Homeostasis [planned] — persistent state (SQLite). Current hormone levels with decay functions. No intelligence, just state that changes over time. The cortex reads hormone state transformed into desire descriptions — not "longing: 87" but "you want to see them." Humans don't see cortisol levels, they feel anxiety.

Event-Driven Design

Built on Rails Structured Event Reporter — a native Rails 8.1 feature for structured event emission with typed payloads, subscriber patterns, and block-scoped context tagging.

Five event types form the agent's nervous system:

Event	Purpose
`system_message`	Internal notifications
`user_message`	User input
`agent_message`	LLM response
`tool_call`	Tool invocation
`tool_response`	Tool result

Events flow through two channels:

In-process — Rails Structured Event Reporter (local subscribers like Persister)
Over the wire — Action Cable WebSocket (Event::Broadcasting callbacks push to connected TUI clients)
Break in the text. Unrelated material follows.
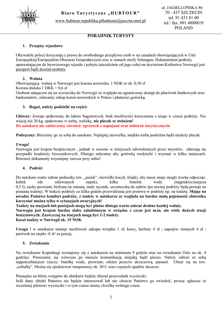 ul. JAGIELLOŃSKA 86 Biuro Turystyczne „HUBTOUR” [email protected] 70 - 437 SZCZECIN tel. 91 433 81 00 tel / fax. 091 4888819 POLAND PORADNIK TURYSTY 1. Przepisy wjazdowe Obywatele polscy korzystają z prawa do swobodnego przepływu osób w na zasadach obowiązujących w Unii Europejskiej/Europejskim Obszarze Gospodarczym oraz w ramach strefy Schengen. Dokumentem podróży uprawniającym do bezwizowego wjazdu i pobytu (niezależnie od jego celu) na terytorium Królestwa Norwegii jest paszport bądź dowód osobisty. 2. Waluta Obowiązującą walutą w Norwegii jest korona norweska. 1 NOK to ok. 0,50 zł Korona duńska 1 DKK = 0,6 zł Osobom udającym się na wycieczkę do Norwegii ze względu na ograniczony dostęp do placówek bankowych oraz bankomatów, zalecamy zakup koron norweskich w Polsce i płatności gotówką. 3. Bagaż, należy podzielić na części: Główny: Zostaje spakowany do luków bagażowych, brak możliwości korzystania z niego w czasie podróży. Nie więcej niż 20 kg, spakowany w torbę, walizkę, nie plecak ze stelażem! Do autokaru nie zabierzemy również: zgrzewek z napojami oraz lodówek turystycznych. Podręczny: Bierzemy go ze sobą do autokaru. Najlepiej niewielka, miękka torba podróżna bądź nieduży plecak. Uwaga! Norwegia jest krajem bezpiecznym , jednak w sezonie w miejscach odwiedzanych przez turystów, zdarzają się przypadki kradzieży kieszonkowych. Dlatego zalecamy aby gotówkę rozdzielić i trzymać w kilku miejscach. Również dokumenty trzymajmy zawsze przy sobie! 4. Podróż: Do autokaru warto zabrać poduszkę tzw. „jasiek”, niewielki kocyk, klapki, aby nasze stopy mogły trochę odpocząć, kubek (do zalewanych zupek), kilka butelek wody (najpraktyczniejsza 0,5 l), suchy prowiant, bieliznę na zmianę, mały ręcznik, szczoteczkę do zębów (po nocnej podróży będą postoje na poranną toaletę). W trakcie podróży co kilka godzin przewidziana jest przerwa w podróży np. na toaletę. Mając na uwadze Państwa komfort podróży, z toalety w autokarze ze względu na bardzo małą pojemność zbiornika korzystać można tylko w sytuacjach awaryjnych! Toalety na stacjach lub postojach mogą być płatne dlatego warto zabrać drobne każdej waluty. Norwegia jest krajem bardzo słabo zaludnionym w związku z czym jest m.in. nie wiele dużych stacji benzynowych. Zazwyczaj na stacjach mogą być 1-2 toalety. Koszt toalety w Norwegii ok. 15 NOK Uwaga ! w autokarze istnieje możliwość zakupu wrzątku 1 zł; kawy, herbaty 4 zł ; napojów zimnych 4 zł ; parówek na ciepło -8 zł/ za porcję. 5. Zwiedzanie Na zwiedzanie Kopenhagi rozstajemy się z autokarem na minimum 9 godzin oraz na zwiedzanie Oslo na ok. 4 godziny. Poruszamy się wówczas po mieście komunikacją miejską bądź pieszo. Należy zabrać ze sobą najpotrzebniejsze rzeczy: butelkę wody, prowiant, odzież przeciw deszczową, parasol. Ubrać się na tzw. „cebulkę”. Można się spodziewać temperatury ok. 20 C oraz częstych opadów deszczu. Pieniądze na bilety wstępów do obiektów będzie zbierał przewodnik wycieczki. Jeśli dany obiekt Państwa nie będzie interesował lub nie chcecie Państwo go zwiedzić, proszę zgłaszać to wcześniej pilotowi wycieczki i w tym czasie mamy chwilkę wolnego czasu. 1 Na wycieczkę należy zabrać minimum: 1000 Koron Norweskich, 70 Koron Duńskich oraz 7 euro. Podane kwoty mogą różnić się od tego co podajemy, są one płacone na miejscu i dopiero wtedy znana jest dokładna cena korzystania z atrakcji. Radzimy dlatego zabrać o ok. 10% więcej nadwyżki, które ewentualnie można będzie przeznaczyć na wstępy. Uwaga! Paniom nie zaleca się noszenia torebek natomiast panom zalecamy unikanie noszenia portfeli w tylnych kieszeniach spodni. Ułatwia to złodziejom kradzież. Uważajmy by nie zostać okradzionym w szczególności przy większych obiektach. Nie warto oddalać się do grupy. Unikajmy zakupów na ulicy towarów niewiadomego pochodzenia, które często są kradzione bądź podrabiane. Narażamy się tym samym na dotkliwe sankcje i możemy otrzymać mandat równowartości nawet do kilku tysięcy złotych. 6. Zakwaterowanie Podczas wycieczki do Norwegii zakwaterowanie przewidziane jest w kilku różnych hostelach, zazwyczaj w pokojach kilkuosobowych z łazienkami dostępnymi na korytarzach. Najczęściej w każdym hostelu dostępna jest nieduża w pełni wyposażona kuchnia, w której można zaparzyć np. kawę lub herbatę. Ze względu na niewielką powierzchnię tego pomieszczenia, zaznaczamy, że gotowanie bądź przygotowanie posiłku będzie w przypadku przebywania jednocześnie kilkudziesięcioosobowej grupy bardzo utrudnione. Zalecamy zabranie własnych poszewek na pościel oraz prześcieradeł lub Śpiworów, ponieważ jest to dodatkowo płatna opcja. - Mogą pojawić się łóżka piętrowe 7. Przykładowe ceny w Norwegii – 1 NOK to ok. 0,50 zł Norwegia jest jednym z najdroższych krajów świata. Np. obiad typu pizza ok. 120zł, hot dog ok.35zł, chleb ok. 15zł, 0,5l wódki ok. 160zł, piwo w sklepie 20zł, paczka papierosów ok.60zł, pocztówka ze znaczkiem ok. 10zł 1 l mleka: 15 NOK bochenek chleba: 25 NOK bułka: 5 NOK kostka masła: 20 NOK 1kg sera żółtego: 90-120 NOK pomidory: 35 NOK 1,5l butelka wody mineralnej: 15NOK czekolada: 25 NOK butelka piwa w sklepie – ok. 25 NOK paczka papierosów: 90-100 NOK hot dog: 30-40 NOK hamburger: 50 NOK danie główne w taniej restauracji (np. pizzeria): 150 NOK danie główne w średniej klasy restauracji: od. 200 NOK ciastko w kawiarni: 30-40 NOK butelka piwa w barze: 60-80 NOK Odnośnie wyżywienia na wyjazd sugerujemy: - zabrać czajnik, toster, sztućce, kubek Sugerujemy potrawy zalewane wrzątkiem ( do kupienia w autokarze 1zł) np. purre ziemniaczane, spaghetti do tego suche wędliny typu np. myśliwska, krakowska, kabanosy, pieczywo o przedłużonej dacie ważności, ser. Pasztety, konserwy -1 porcyjne W Norwegii nie będzie zbytnio możl

Events fire, subscribers react, state updates. The system prompt — soul, sisters block, tool menu, and snapshots — is assembled fresh for each LLM call. Skills, workflows, and goals flow through the message stream as phantom tool pairs instead, keeping the system prompt stable for prompt caching. The agent's identity (soul.md) is always current, never stale.

Context as Viewport, Not Tape

Most agents treat context as an append-only array — messages go in, they never come out (until compaction destroys them). Anima has no array. There are only events persisted in SQLite, and a viewport assembled fresh for every LLM call.

The viewport is a live query, not a log. It walks events newest-first until the token budget is exhausted. Events that fall out of the viewport aren't deleted — they're still in the database, just not visible to the model right now. The context can shrink, grow, or change composition between any two iterations. If Melete marks a large accidental file read as irrelevant, it's gone from the next viewport — tokens recovered instantly.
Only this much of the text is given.